How many people do you love?

Love is one of the purest and most difficult mysteries of humanity. Everyone yearns for this feeling of happiness and finding the piece that makes them complete. But for something that’s forever in high demand, nobody has a simple explanation of what love is. Everybody and their mom has a different definition of true love.

You ask a high school girl and she’ll say it’s getting walked to class in the mornings. You ask a guy fresh out of college and he’ll say it’s his mom or a women that cooks like mom used to. Ask the right kind of lady and she’ll say getting designers purses and clothes. Everyone says something different because nobody really knows. Thank goodness for that rare person that gladv says I don’t know what love is.

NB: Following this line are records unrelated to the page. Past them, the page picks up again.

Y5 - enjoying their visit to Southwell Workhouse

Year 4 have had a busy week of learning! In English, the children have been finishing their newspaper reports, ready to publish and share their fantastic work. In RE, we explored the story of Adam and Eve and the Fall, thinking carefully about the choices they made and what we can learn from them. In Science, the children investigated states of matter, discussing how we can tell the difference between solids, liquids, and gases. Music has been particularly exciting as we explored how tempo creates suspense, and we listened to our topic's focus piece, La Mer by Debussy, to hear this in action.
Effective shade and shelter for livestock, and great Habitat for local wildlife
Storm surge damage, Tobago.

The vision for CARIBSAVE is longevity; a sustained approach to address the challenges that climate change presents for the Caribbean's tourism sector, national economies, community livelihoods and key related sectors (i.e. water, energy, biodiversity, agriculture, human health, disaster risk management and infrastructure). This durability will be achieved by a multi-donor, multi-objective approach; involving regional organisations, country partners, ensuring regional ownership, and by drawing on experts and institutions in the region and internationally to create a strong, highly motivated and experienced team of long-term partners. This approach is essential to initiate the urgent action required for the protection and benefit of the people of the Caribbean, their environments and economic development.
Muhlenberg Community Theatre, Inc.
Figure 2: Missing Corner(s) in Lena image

But despite that, there’s one thing we almost always get right… Who we love. So tell me, how many people do you love?

Here’s a real short story on how many people I love.

Growing up in school, I was asked often what my dream life looked like. Teachers wanted to know what a small child with an idealized vision of the world could infer about their future. We’ve all experienced them before… “Where do you want to live?”, “What do you want to be when you grow up?”, And worst of them all, “How many kids do you want to have” Most kids loved these questions and had their amazing go to answers.

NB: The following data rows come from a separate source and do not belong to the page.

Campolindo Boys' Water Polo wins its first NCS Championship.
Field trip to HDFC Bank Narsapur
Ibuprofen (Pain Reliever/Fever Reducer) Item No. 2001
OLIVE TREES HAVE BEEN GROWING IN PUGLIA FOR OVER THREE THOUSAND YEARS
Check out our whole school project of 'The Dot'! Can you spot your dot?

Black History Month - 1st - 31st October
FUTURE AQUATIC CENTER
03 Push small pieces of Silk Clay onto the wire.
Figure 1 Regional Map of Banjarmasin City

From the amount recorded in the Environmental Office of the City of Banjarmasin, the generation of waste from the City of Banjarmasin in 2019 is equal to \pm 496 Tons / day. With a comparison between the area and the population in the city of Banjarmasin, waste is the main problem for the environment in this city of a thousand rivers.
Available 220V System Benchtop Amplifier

But I was different. Instead of running with the answer society told me was right, I dug deeper. I ignored social pressures and would answer like, “0. I don’t want to get married or have kids.” It was shocking to people at first. But that’s what my reality was. And no one could tell me it was essentially wrong. Later in life I met a girl named Deasia that completely changed my outlook on life. Through her openness I evolved and decided I did want to have kids.

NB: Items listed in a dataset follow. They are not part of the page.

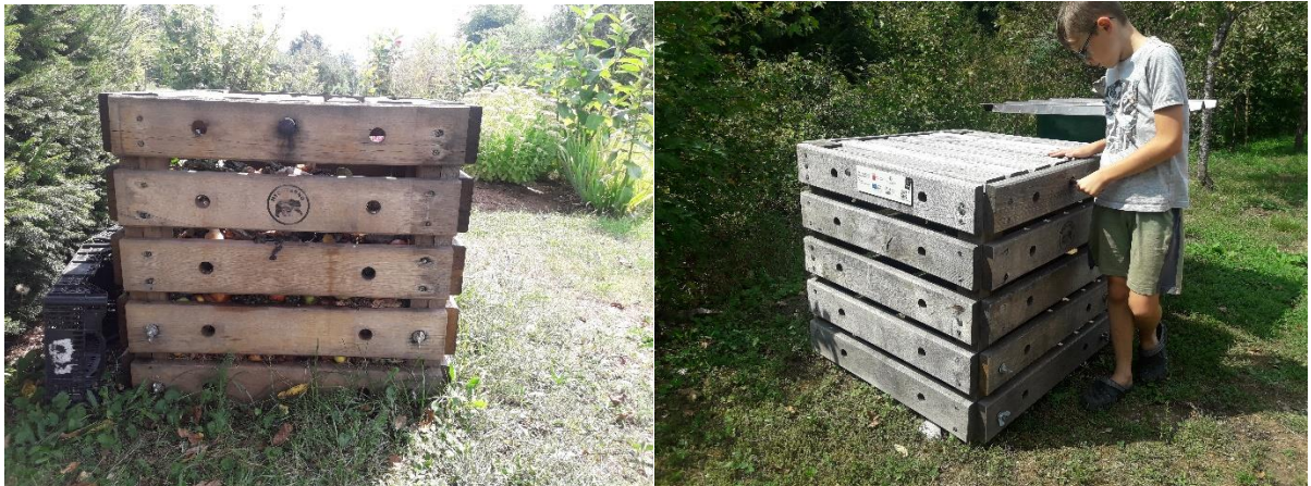
Figure 3-6: good operation of the »bear-proof« compost bins.

During our control visits we only noticed some smaller irregularities: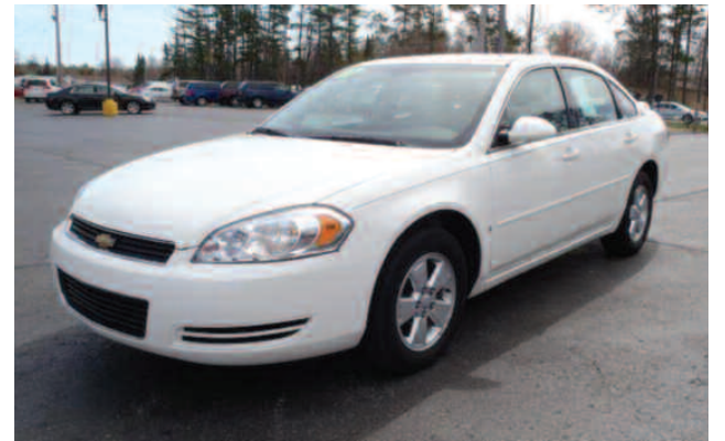
2007 CHEVY IMPALA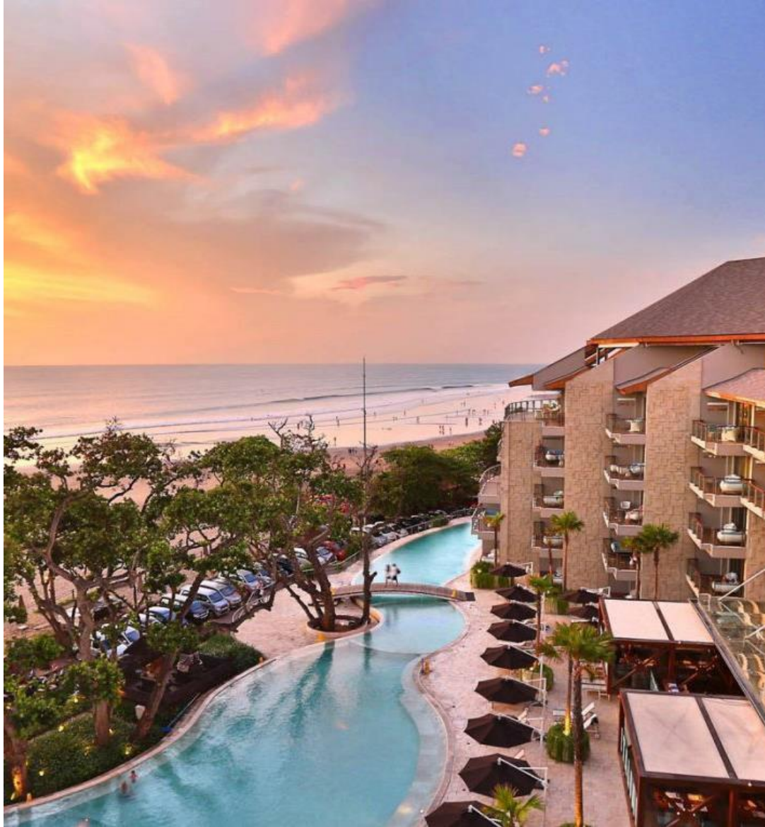
Double Six Luxury Hotel Semniyak at Semniyak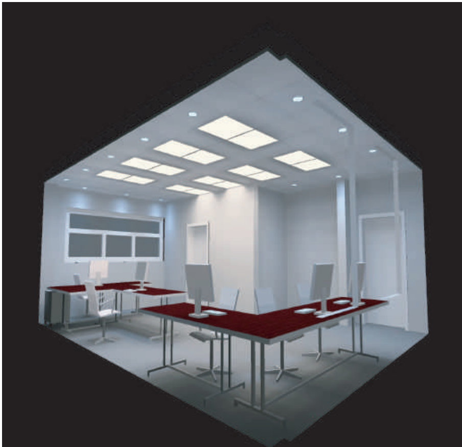
Studio Light office , Lagos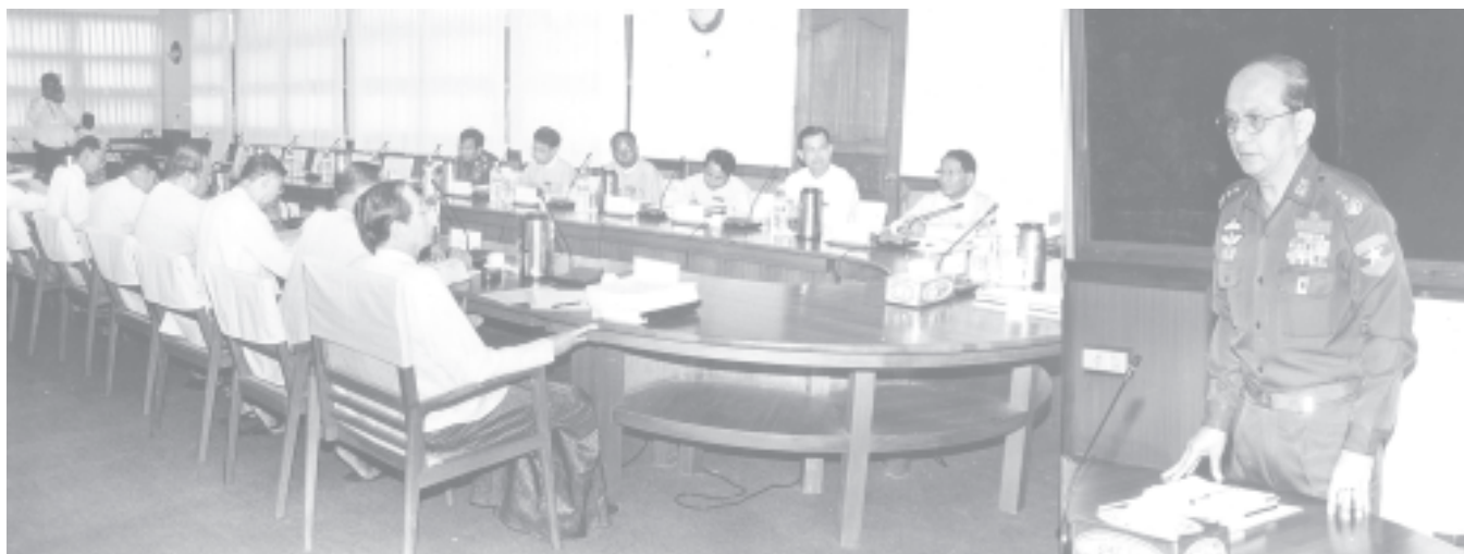
Lt-Gen Thein Sein speaks at the National Convention Convening Commission meeting 10/2005.—MNA

YANGON, 27 Dec — The meeting No 10/2005 of the National Convention Convening Commission was held at the commission office in Nyaungnabin camp in Hmawby Township this morning, with an address by Chairman of the commission Secretary-1 of the State Peace and

I wanted to have kids with whoever I truly loved, which was Deasia at the moment. And it would be a special accomplishment for the both of us. I later learned that Deasia wasn’t the perfect girl I thought she was. And I hated the thought of her and having kids. How could I have kids if there was no perfect person for me to love and have my kids with anymore. I’d have to spend years searching for the next perfect girl. And then I realized something even bigger from my experience with DeAsia.

There are no perfect people in this world. Everybody is human and humans are inherently flawed. So I stopped looking for perfection in others and started accepting the flaws we were all designed with. And now the older Tim finds it easier to love people for who they are. I don’t pick and choose to love the perfect people with the perfect lives. I love everyone and I open my heart to better understand everyone’s little imperfections. I love hundreds and thousands of people. It’s an infinitely growing number.